The elimination of bulls of this caliber has been proven to “stimulate population growth in some areas,” according to the U.S. Fish and Wildlife Service.
In 2012, the IUCN released an 11-page document entitled “Guiding Principles on Trophy Hunting as a Tool for Creating Conservation Incentives,” that details the benefits of such hunts.
“The IUCN supports the philosophy and practice that on state, communal and privately-owned land in southern Africa the sustainable and well-managed consumptive use of wildlife makes a contribution to biodiversity conservation,” the document states. “And further accepts that well-managed recreational hunting has a role in the managed sustainable consumptive use of wildlife populations.”
So on Jan. 11, the scheduled auction took place, but it didn’t go down as all parties expected.
“There has been a wide range of reaction,” Executive Director of the Dallas Safari Club Ben Carter told the Washington Post. “There’s a lot of people out there, frankly, that are totally without any knowledge of how wildlife and conservation works. We’ve gotten e-mails, phone calls. One e-mail said, ‘If you auction off a permit to kill a rhino, we are going to kill you and your family.’”
One can imagine that such a reaction would cause many big-time bidders to be a bit skittish. Enter Knowlton, his anonymous sponsor and $350,000. They were able to secure the hunt with little opposition.

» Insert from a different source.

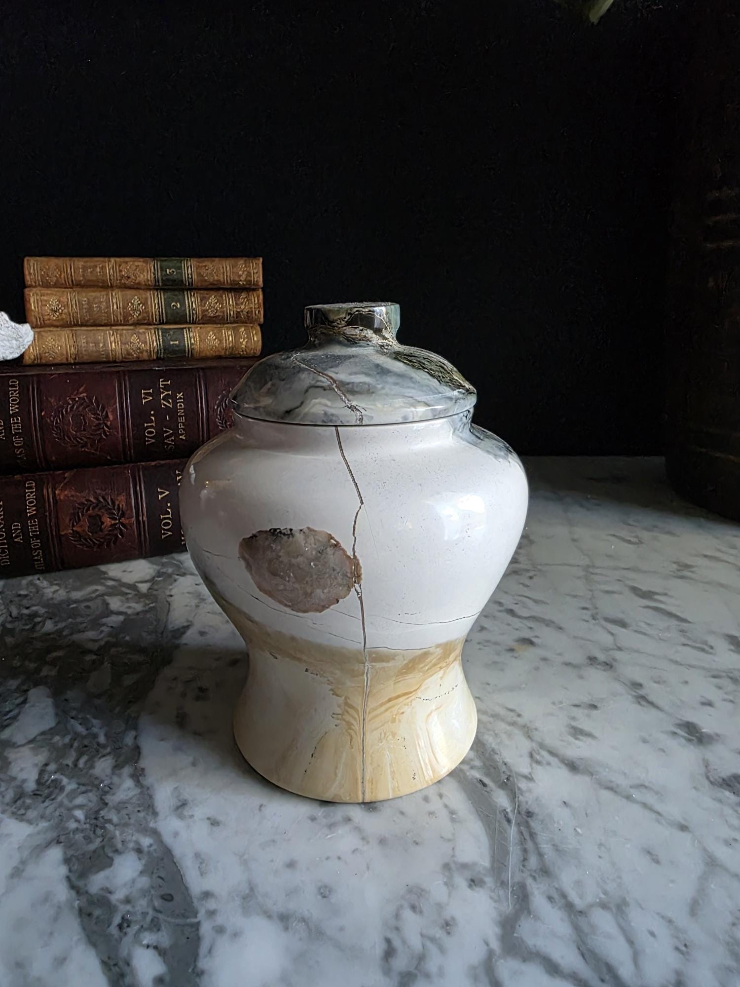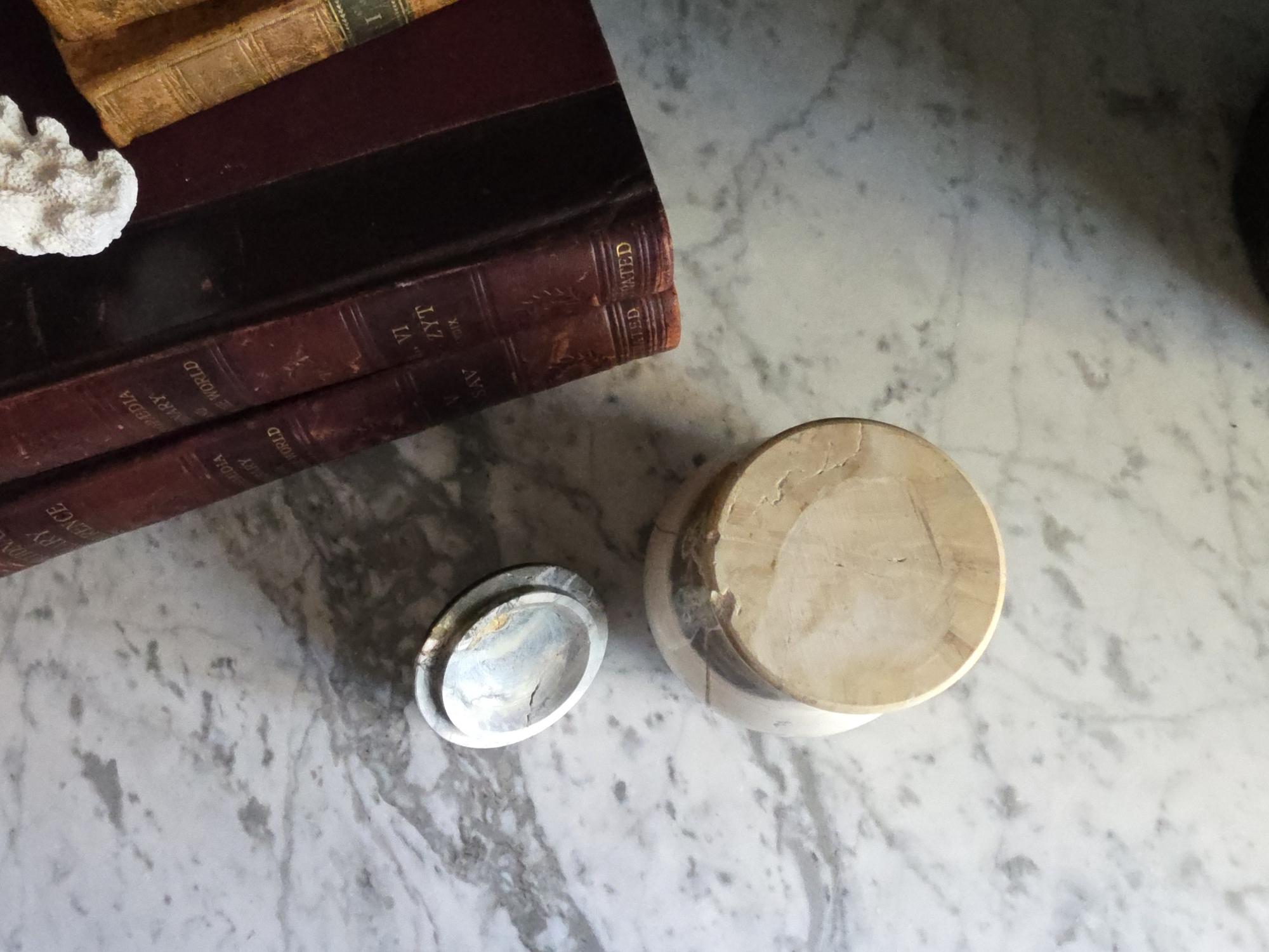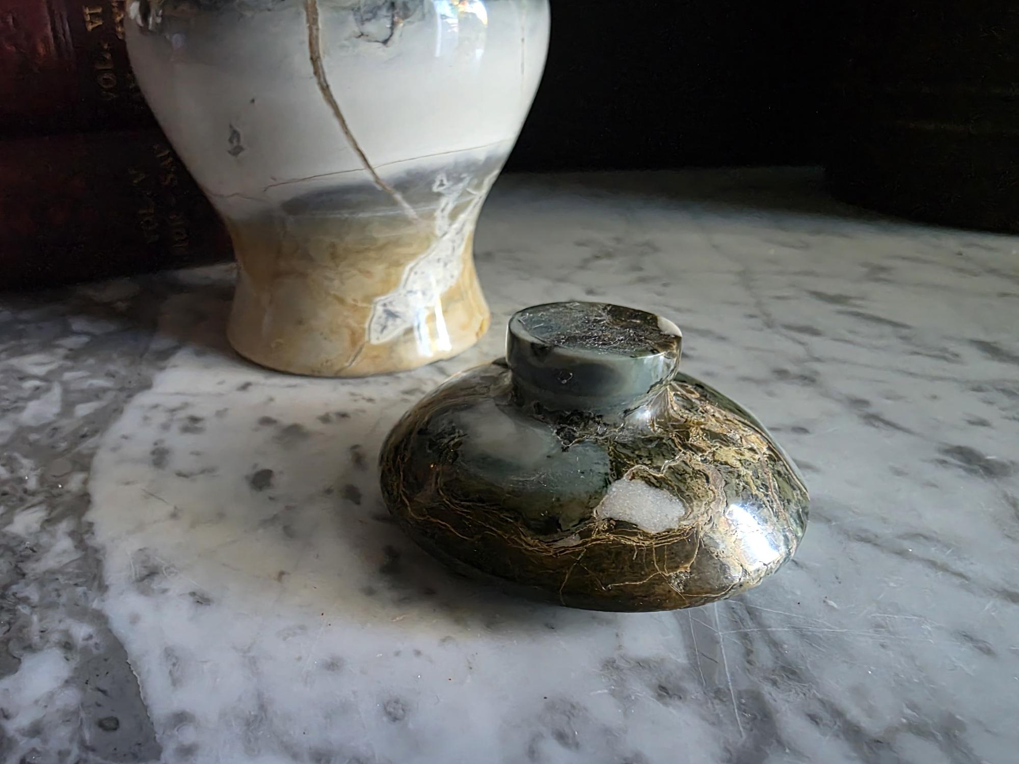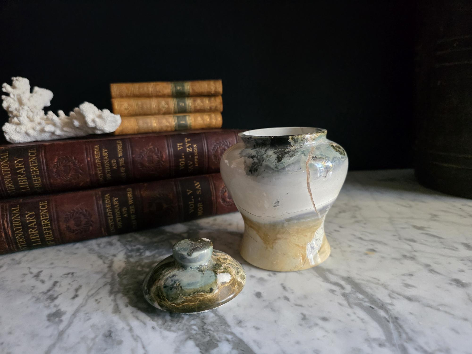 Please note that as a natural stone product, this vessel showcases the raw history of the material. The surface displays prominent natural fissures, crystalline inclusions, and distinct vertical veining that are inherent to the rock structure. These characteristics are not defects but rather the "birthmarks" of the stone, adding to its rustic, brutalist charm and vintage appeal. It is the perfect size for use as a jewelry keeper, a discreet storage jar for small keepsakes, or simply as a sophisticated, heavy paperweight.

Knowlton admittedly wanted the experience, while also keeping a keen eye on the elements of this complicated equation.
“I want to be intimately involved with a black rhino. If I go over there and shoot it or not shoot it, it’s beyond the point,” he told WFAA news in Texas.
As with other similar endeavors, the bottom line is that hunting creates value, value leads to conservation, and conservation leads to the propagation of wild game populations.
It is the Namibian government’s vision that by 2030 all subspecies of the rhino are “re-established in viable, healthy breeding populations throughout its former range, and is sustainably utilized.”
The overall goal, they say, is to collectively manage the black rhinos of Namibia as a metapopulation, increasing it by at least five percent each year.
Now they’ve got a little extra capital to help them achieve those goals—$350,000 to be exact.